Finding maximum in array in time of O(log(n))- with some assumptions

Question

I got the following question: Assume you got an array A with n distinguished numbers, and assume you can store the n-elements in new data structure (one that could help you in solving the question below) while saving the that the store time is bounded by O(n). Write an algorithm for a function max (i,j) which will get as input two index i greater then j , and will return as output the maximum between A[i], A[i+1],...,A[j]. max(i,j) should be bounded by O(log(n)).

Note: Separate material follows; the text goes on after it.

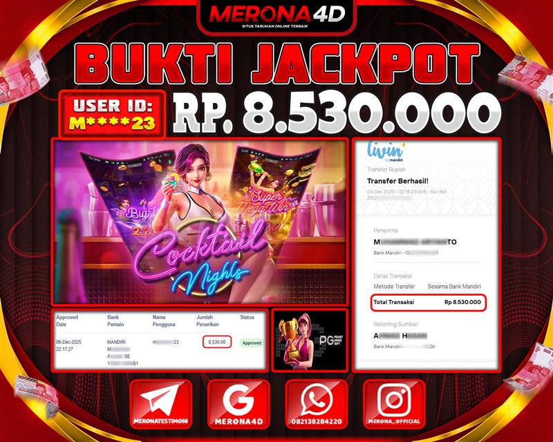 Selamat Kepada Member MERONA4D M*****3 Telah Jackpot Di COCKTAIL NIGHTS

I thought about binary tree but could not think about a why of how to store the numbers. One option that I could thought about that take O(n) store time is creating a 'tournament tree' , but I failed to find an algorithm to max using this kind of data structure.

This is a homework question, but couldn't find the tag for it.

Answer 1

You can solve it using priority queues.

using namespace std;
#include<iostream>
#include<vector>
#include<algorithm>
int deq[100],length=0;
void increase_value(int arr[],int i,int val)
{
    arr[i]=val;
    while(i>1 && arr[i/2]<arr[i])
    {
        int temp=arr[i];
        arr[i]=arr[i/2];
        arr[i/2]=temp;
        i=i/2;
    }
}
void insert_element(int arr[],int val)
{
    length=length+1;
    increase_value(arr,length,val);
}
int main()
{
    int arr[10000];
    int size,lw,up;
    cin>>size;
    for(int i=1;i<=size;i++)
    {
        cin>>arr[i];
    }
    cin>>lw>>up;
    for(int i=lw;i<=up;i++)
    {
        insert_element(deq,arr[i]);
    }
    cout<<deq[1]<<endl;
}

Answer 2

This is the most typical application of segment tree.

Given an array of number, you can build a segment on top of it with O(n) time complexity and perform query on intervals/ranges in O(logn) time.

Some common application example - finding the sum of elements from index i to j where 0 <= i <= j <= n - 1, finding the maximum/minimum of elements from index i to j where 0 <= i <= j <= n - 1 etc.